▶ WHAT TO PRODUCE: Look for the line that has "Die Hauptvilla besticht" in the material below; please repeat it and every line after it, exactly, up to and including the line that has "Sur le premier", and nothing else.

▶ MATERIAL FOR THE TASK:
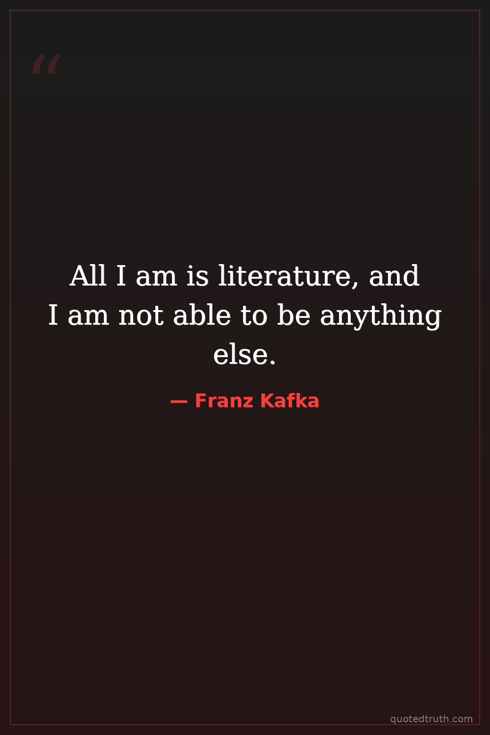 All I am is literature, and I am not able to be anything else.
* * *
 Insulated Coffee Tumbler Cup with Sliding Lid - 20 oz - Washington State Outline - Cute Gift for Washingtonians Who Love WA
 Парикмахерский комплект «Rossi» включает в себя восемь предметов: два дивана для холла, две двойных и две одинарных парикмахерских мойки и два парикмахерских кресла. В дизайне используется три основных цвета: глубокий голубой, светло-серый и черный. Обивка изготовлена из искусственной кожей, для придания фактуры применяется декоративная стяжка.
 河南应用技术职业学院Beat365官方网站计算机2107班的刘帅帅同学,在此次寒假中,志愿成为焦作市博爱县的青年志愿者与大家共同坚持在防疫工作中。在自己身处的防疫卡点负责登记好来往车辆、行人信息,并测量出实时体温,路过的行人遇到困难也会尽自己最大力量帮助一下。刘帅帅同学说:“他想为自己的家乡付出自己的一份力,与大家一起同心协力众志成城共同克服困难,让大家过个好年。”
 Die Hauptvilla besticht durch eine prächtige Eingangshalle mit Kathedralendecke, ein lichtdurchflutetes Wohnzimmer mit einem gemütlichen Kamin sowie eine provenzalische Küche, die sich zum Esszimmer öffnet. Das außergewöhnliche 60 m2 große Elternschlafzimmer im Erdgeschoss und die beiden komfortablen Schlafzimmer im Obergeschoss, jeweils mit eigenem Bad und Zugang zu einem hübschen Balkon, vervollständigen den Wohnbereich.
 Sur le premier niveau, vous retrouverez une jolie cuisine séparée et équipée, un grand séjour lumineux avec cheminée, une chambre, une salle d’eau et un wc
---
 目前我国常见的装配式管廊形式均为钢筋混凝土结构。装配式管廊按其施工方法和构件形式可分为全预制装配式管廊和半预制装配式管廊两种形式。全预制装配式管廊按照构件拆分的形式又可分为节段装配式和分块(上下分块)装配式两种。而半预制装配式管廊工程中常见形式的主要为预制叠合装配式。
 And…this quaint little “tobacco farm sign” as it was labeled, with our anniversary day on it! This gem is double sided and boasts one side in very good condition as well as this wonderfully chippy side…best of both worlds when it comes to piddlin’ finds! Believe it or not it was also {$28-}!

▶ EXERCISE RESPONSE:
 Die Hauptvilla besticht durch eine prächtige Eingangshalle mit Kathedralendecke, ein lichtdurchflutetes Wohnzimmer mit einem gemütlichen Kamin sowie eine provenzalische Küche, die sich zum Esszimmer öffnet. Das außergewöhnliche 60 m2 große Elternschlafzimmer im Erdgeschoss und die beiden komfortablen Schlafzimmer im Obergeschoss, jeweils mit eigenem Bad und Zugang zu einem hübschen Balkon, vervollständigen den Wohnbereich.
 Sur le premier niveau, vous retrouverez une jolie cuisine séparée et équipée, un grand séjour lumineux avec cheminée, une chambre, une salle d’eau et un wc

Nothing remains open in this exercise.